I shoud have posted this when I did it, but I DID get the instantcake software and it works PERFECTLY. I have soooo much space on my Tivo now, I'm setting up season passes for shows that I "might someday have a fleeting interest in" - there's THAT much room!!!

The whole imaging process took less time then it too to run through Guided Setup afterwards! Now I'm trying to talk the wife into allowing me to buy another 1/2 gb drive for the other Tivo!

I don't think I mentioned this earlier in the thread... it's really pretty impressive how long the old drive lasted! We got our first Tivo in April of 2002. That's nearly 8 solid years of drive access 24/7! It still died very quickly though. From the time I had the first inkling that there may be issues, it was less then a week to being completely dead and the drive wouldn't even spin up. Just imagine if I was one of the poor fools that didn't know about great communities like this one and actually paid someone else to do that 20 minutes of work for a lot of money. You guys are the best - thank you very much!!


----------



## Southcross (Nov 28, 2008)

DaveWF said:


> That's nearly 8 solid years of drive access 24/7! It still died very quickly though. From the time I had the first inkling that there may be issues, it was less then a week to being completely dead and the drive wouldn't even spin up. Just imagine if I was one of the poor fools that didn't know about great communities like this one and actually paid someone else to do that 20 minutes of work for a lot of money. You guys are the best - thank you very much!!

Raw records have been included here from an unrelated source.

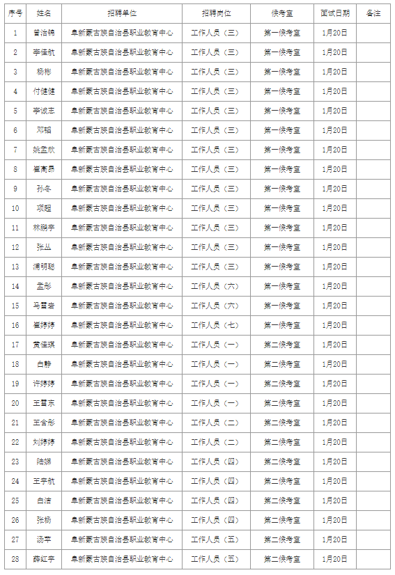 一、面试时间:2024年1月20日(星期六),上午7点30分考生准时入场,上午9点开始,面试考生务必按规定时间准时参加面试。每名考生的具体面试日期、时间及候考室详见《2023年阜新蒙古族自治县面向社会公开招聘特色体育、职业教育等专业人才面试人员时间安排情况表》(附件1)。
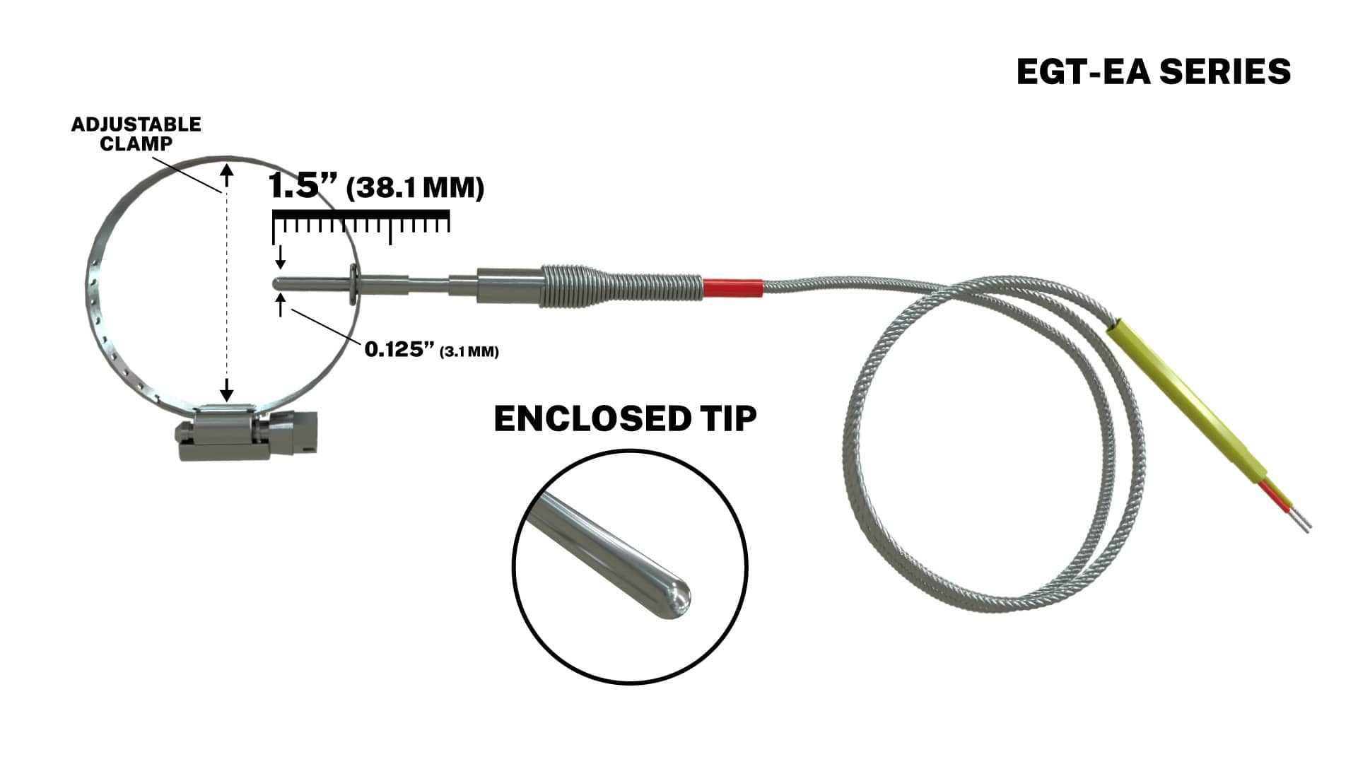 The Muffler Clamp EGT probe is designed for EGT applications that require mounting without a weld bung and compression fitting. The Muffler Clamp EGT probe is 0.125 diameter (3.18 mm) and includes an adjustable metal clamp mounting strap. The EGT probe cable lead length is 6 feet (2 meters). The probe has a 1.5" straight sheath to accommodate tight mounting locations.
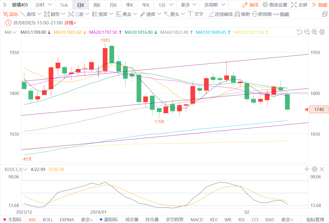 2.玻璃405:预计将偏弱震荡。今日现货成交均价1869元/吨,变化不大。春节期间玻璃日熔量接近历史高位水平,玻璃厂库存有较大累幅。截止到2月18日,全国浮法玻璃样本企业总库存创7个月新高,环比增加38.99%。下游地产即将开工,需求预期向好。图形上,今日价格低开再度重返1795弱势调整格局内,短期震荡区间大概为1790-1708。建议观望或区间操作。
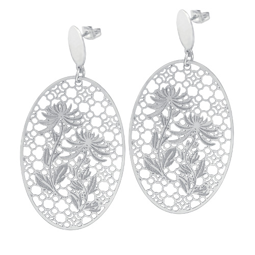 STAINLESS STEEL EARRING IN OVAL & FLOWER SHAPE ALL IN S/S COLOR
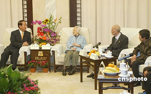 返鄉(xiāng)祭祖的宋楚瑜及家人9日中午在湘潭盤龍山莊與大陸親屬會面。分隔56年的親人一朝相見,不少人都當場流下了熱淚。
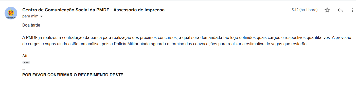 Novidade importante sobre o Concurso PMDF! Em resposta ao Gran, a Polícia Militar do Distrito Federal informou que a previsão de cargos e vagas para novo concurso estão em análise.
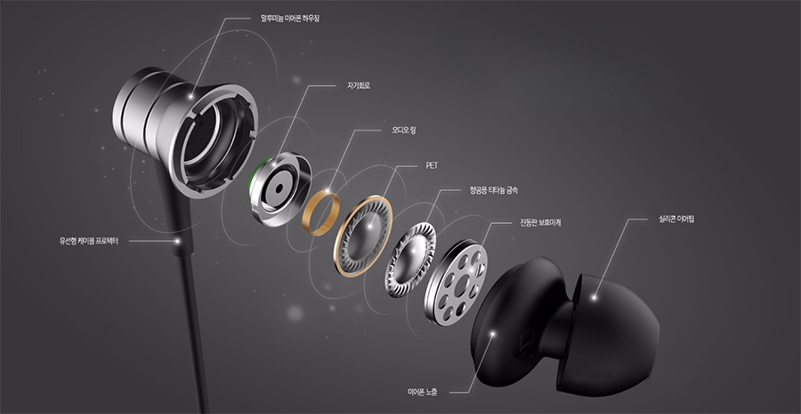 양극산화(아노다이징) 처리된 알루미늄 합금 바디는 심플하면서 깔끔한 느낌을 주며 하우징 끝부분의 노즐 부는 플라스틱 소재를 사용하여 귀에 닿았을 때 금속의 차가움이 느껴지지 않습니다.

spin up and spin down are typically the hardest on a drive.... continuous spinning, as long as the bearings hold out... :up:

I chose to go the route of a true AV drive, from WD, as it is a whisper quiet 25db and rated for 1mil hours MTBF in continuous operation... if it truely gives 1mil hours of operation.... thats 114 years!


----------



## DaveWF (Jan 3, 2005)

Just a quick update...
I just wanted to let everyone know that the 
WD Caviar Ble 500gb 7200RPM WD50000JBRTL has been working perfectly since installation and is quiet enough to use in our bedroom. 
NICE :-D


----------